Third, using the fund also gives us ability to give larger gifts at different times. If there is a matching gift at an organization then my gift can be twice what it would otherwise be, for example.

We think our fund is a great way to automate giving and be thoughtful about giving in collaboration with people who are also thoughtful about giving. It gives the flexibility to be able to give small gifts and large, time the gifts, support the organizations when needed, participate in matching events … all kinds of things that you can’t do if you don’t have a fund.

How has your work at the Acton Institute and on issues of poverty and now with tech infrastructure affected your thinking around philanthropy?

One thing I learned in doing the research for Poverty, Inc. and PovertyCure is that sometimes our giving ends up harming or disempowering other people. That is a challenge I’m still working on. The thing that has helped me at Acton and with my work with Poverty, Inc is to try to think about the principle of subsidiaritythe idea that those closest to the problem have the most local knowledge and can handle the problem. I try to giveand I know I do not do this perfectlyto organizations that are solving local problems effectively and participate with them in their local knowledge. That’s the key thing I’ve learned.
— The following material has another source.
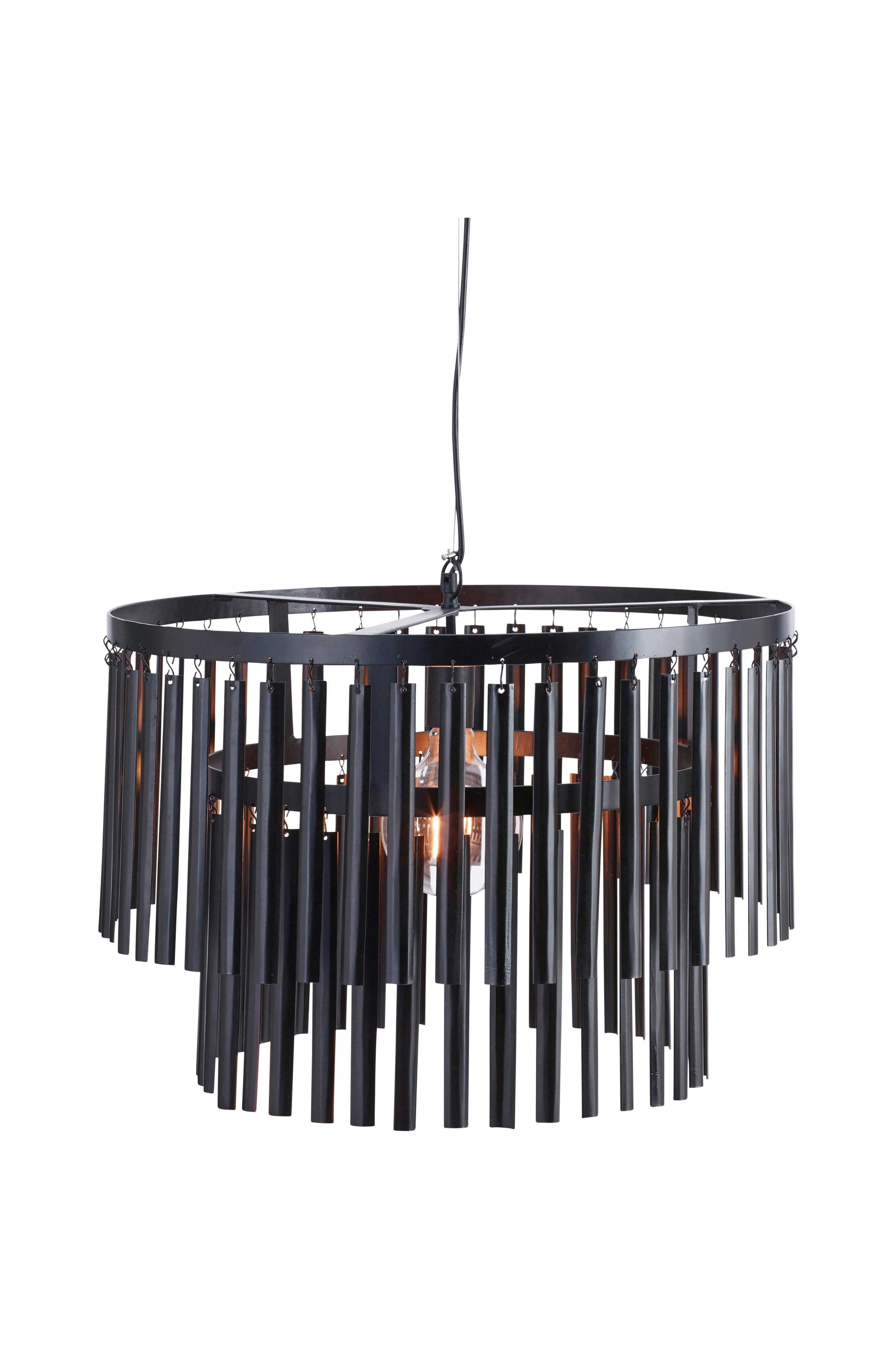 Takkrona Marlow, modern takkrona i metall med hängande stavar av metall i två lager. 1 meter svart plastkabel och metallvajer. E27 lamphållare, max 40W. IP20. Kommer med takkopp för krokupphäng. Takkoppens diameter är 11,5 cm. Takkontakt köpes separat. Ljuskälla ingår ej. Man monterar själv metallstavarna. Diameter 60 cm och höjd 43 cm. Jordad.

I was on a panel once discussing philanthropy. As is normal we were discussing various programs and approaches, but it struck me that first we need to think about the meaning of the philanthropy—the love of man. Well, what does love mean? And who is the man or woman that we are trying love and help? If we are going to do good philanthropy then we need ground it in a proper understanding of the human person and a rich understanding of human flourishing. The one idea that has shaped me from my work is that human persons are not objects to be manipulated or problems to be solved. Instead, persons are subjects and should be the protagonists of their own development. Our philanthropy should participate and assist people in accomplishing their goals, not be a means to social engineering. This is why the principle of subsidiarity is so important because it keeps our giving connected to the people with local knowledge.

How has your thinking about giving changed since you first started putting money away for your fund?
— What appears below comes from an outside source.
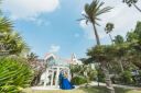 大聖堂の扉が開くとそこは光あふれるガラスの空間が広がります。青い空と複雑なブルーが彩る海、ガーデンに囲まれた祭壇からの眺めは一生忘れられない光景です。
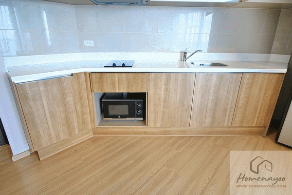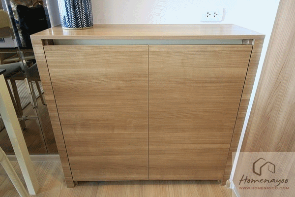 ช่วงบริเวณหน้าประตูมีช่องสำหรับใช้งานเป็นช่องวางเครื่องซักผ้าและตู้เก็บรองเท้า

The benefit of DonorsTrust is that I can write an email and DonorsTrust will disburse the gift. The challenge with that is I can be too disconnected. I probably need to follow up more and be more engaged. In some cases when I’m on a board, that is easier because I know what is going on with the organization. There are other organizations where I give to where I need to call and participate with them, to follow up on my investment. Not in a sense of micromanaging, but actually engaging with the people I think are doing good work. And then perhaps I can find ways of support beyond just the financial.

Are there any other ways your fund has been helpful to your family?

One of my daughters asked us, in lieu of a Christmas present, to give money to a crisis pregnancy center. Because I had DonorsTrust, I was able to do this easily, but also essentially able to match her gift. So, in a sense, we partnered. She had studied this group and wanted to help expectant mothers, and I realized I could give to this group in a bigger way than what she originally wanted me to give. It was nice to be able to partner with my children in that way, and I hope to start doing that more with my children.

I talk about this a lot, but we increasingly live in an era of big government, big tech, big culture, big education, and big healthcare. I think we need to build functional, decentralized organizations that address problems at the lowest level and give people ways to opt out of big culture. There is a powerful line from a Polish movie called Katyn about the murder of 12,000 Polish soldiers by the Soviets. One of the characters asks, “What does it matter if you think differently if you act like everyone else?” I think that we have to invest in small, functional, decentralized organizations and not just look for the biggest project, but look for lots of smaller wins. DonorsTrust gives us the flexibility to do just that.